PROVIDED RECORDS:
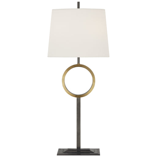 Simone Medium Buffet Lamp in Bronze and Hand-Rubbed Antique Brass with Linen ShadeDetails:Product Type: Candlestick LampFinish: Bronze with Antique...
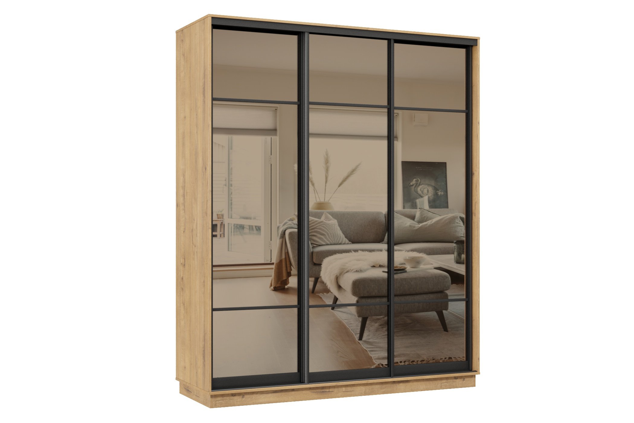 Отзывы о Столплит Шкаф-купе Премьер 24 (11ЗБ;11ЗБ;11ЗБ) фасады зеркало бронза/трёхдверный/Профиль чёрный муар Бунратти
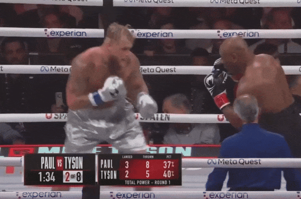 Тайсон вышел на бой с узнаваемым геймпланом – атака с высоким прессингом с первых секунд. Но смутило, что Тайсон ни разу не достал Пола, хотя соперник уходил с опущенными руками и открытой головой.
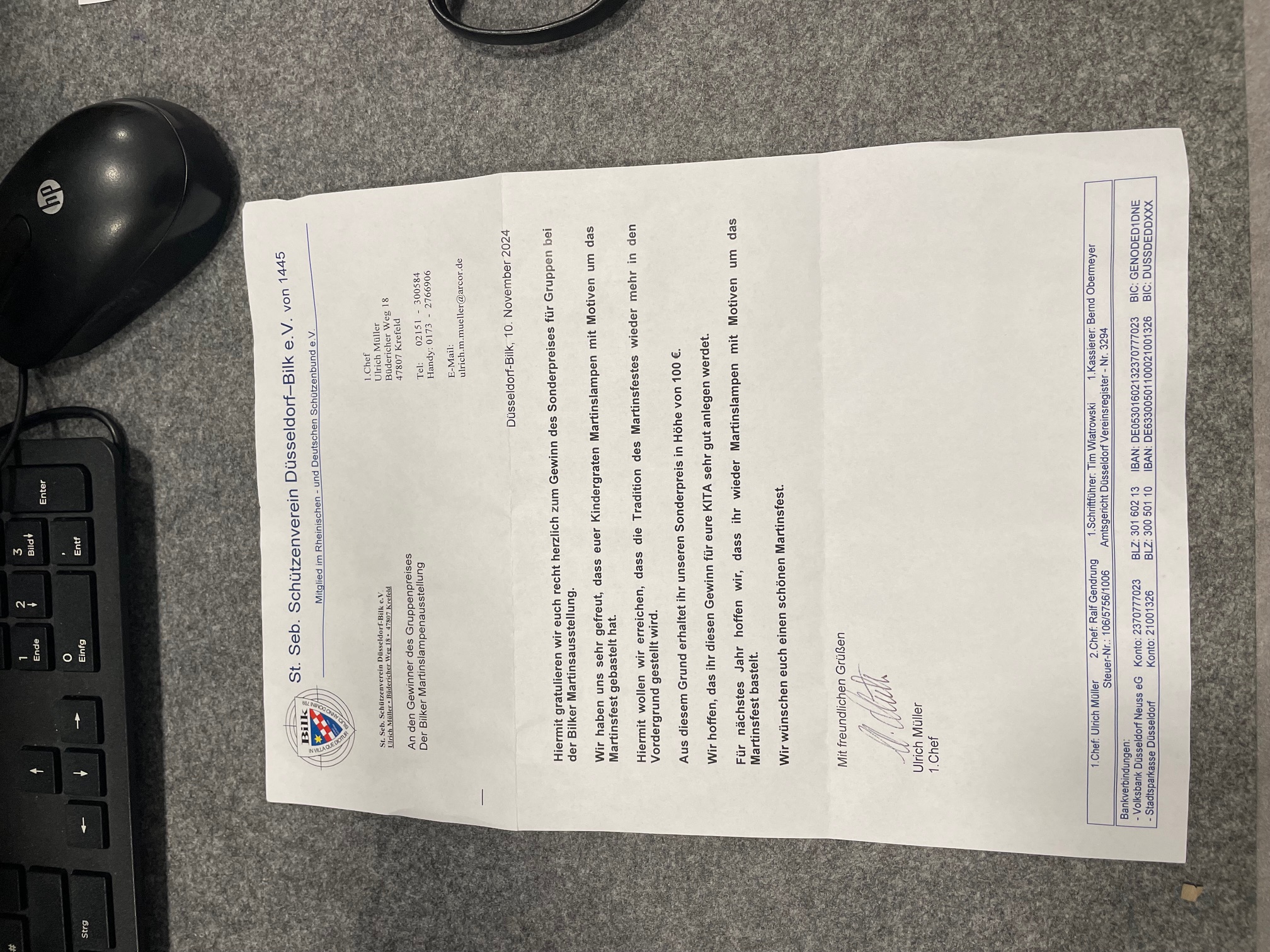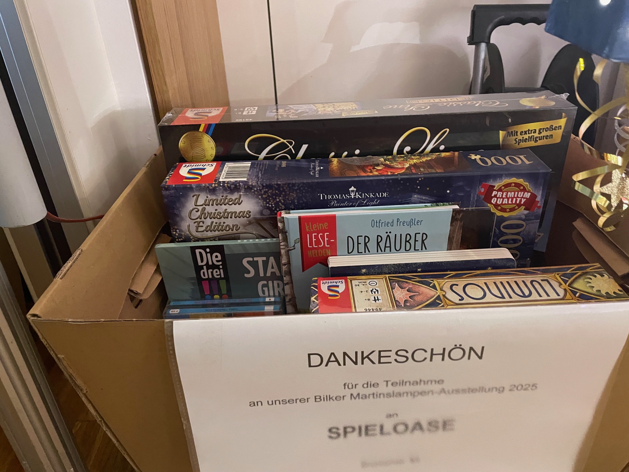 Eine Dankeschön-Kiste mit Spielen und Büchern wurde von den Martinsfreunden überreicht; die Kinder in der Spieloase freuten sich über diese Geschenke. Ebenso groß war die Überraschung über ein Geldgeschenk vom St. Seb. Schützenverein Düsseldorf-Bilk e.V., der sich damit für die eingereichten Martinslampen von Kindern und SeniorInnen bedankten.
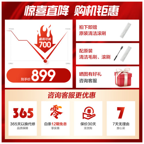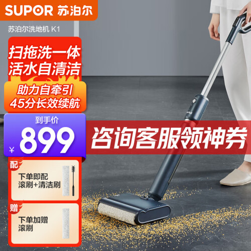 这款苏泊尔洗地机,带有免拆洗,支持一键自清洁。带有单独垃圾盒、污水箱,固液垃圾分开储存,处理垃圾更方便,不怕垃圾混合堵水道。可162m2* 打扫,运行时间45分钟。机身可165°躺平,低处好清扫。自驱牵引,使用不费力。2.4kg轻量主机,随取随用无束缚。
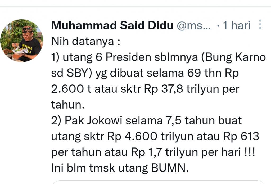 “Tahun 2021 harus bayar utang Rp 902 dan diperkiran anak naik tahun 2022,” demikian cuitan Said Didu.
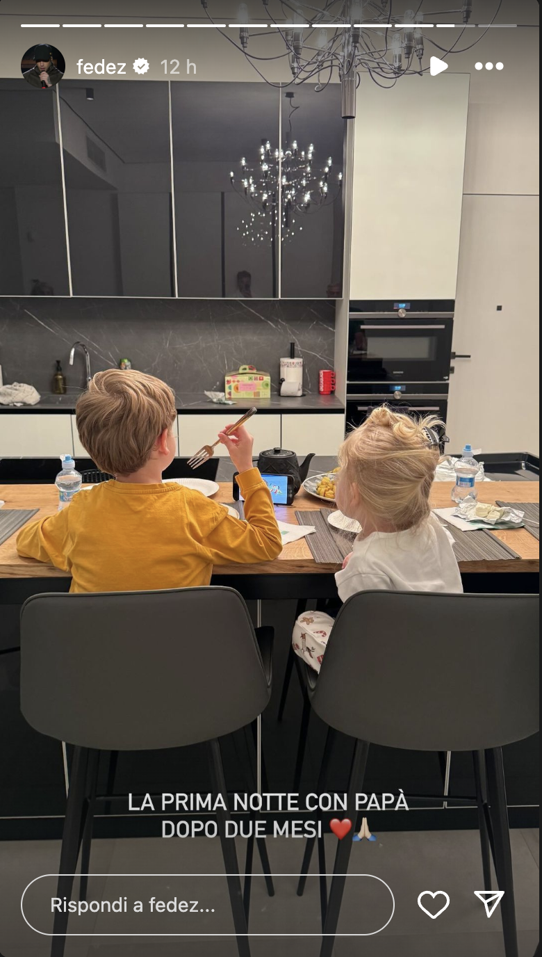 “La prima notte con papà dopo due mesi” ha scritto il cantante in una foto postata tra le stories del suo profilo Instagram in cui si vedono i due bimbi di spalle mentre cenano nella nuova casa del rapper.
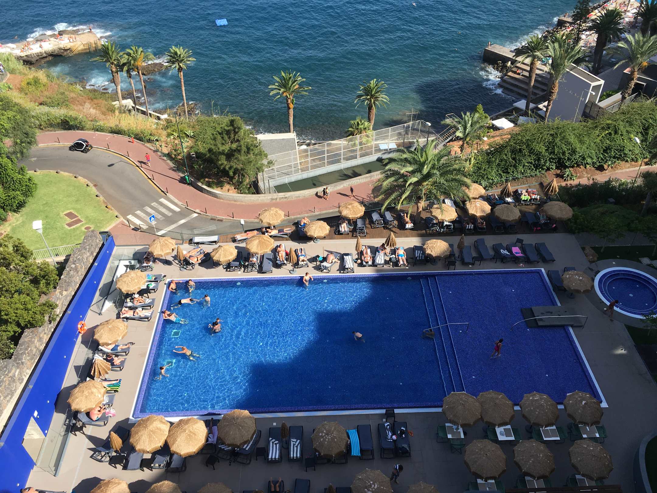 Blick vom Balkon (9. Etage) auf Pool und Meer
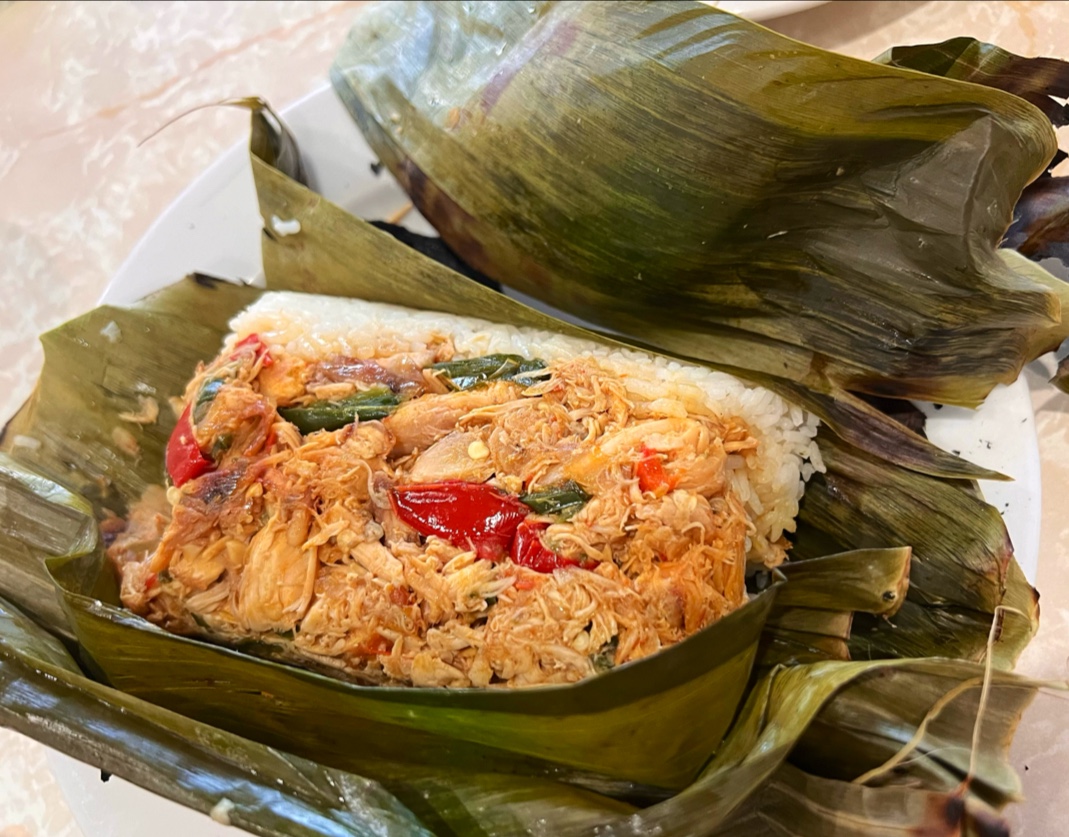 Nasi Bakar chicken - spicy chicken with plain rice wrapped inside the banana leaves and grilled. The juice of the spicy chicken soaks up the rice, and the scent of grilled banana leaves added up in a unique flavor combination, which makes this dish authentic and delicious.

TASK: When the line containing "cuitan Said Didu." is reached, write out that line and each one after it exactly, ending with the last line of the records; pictures are not copied.

EXPECTED OUTPUT:
 “Tahun 2021 harus bayar utang Rp 902 dan diperkiran anak naik tahun 2022,” demikian cuitan Said Didu.
 “La prima notte con papà dopo due mesi” ha scritto il cantante in una foto postata tra le stories del suo profilo Instagram in cui si vedono i due bimbi di spalle mentre cenano nella nuova casa del rapper.
 Blick vom Balkon (9. Etage) auf Pool und Meer
 Nasi Bakar chicken - spicy chicken with plain rice wrapped inside the banana leaves and grilled. The juice of the spicy chicken soaks up the rice, and the scent of grilled banana leaves added up in a unique flavor combination, which makes this dish authentic and delicious.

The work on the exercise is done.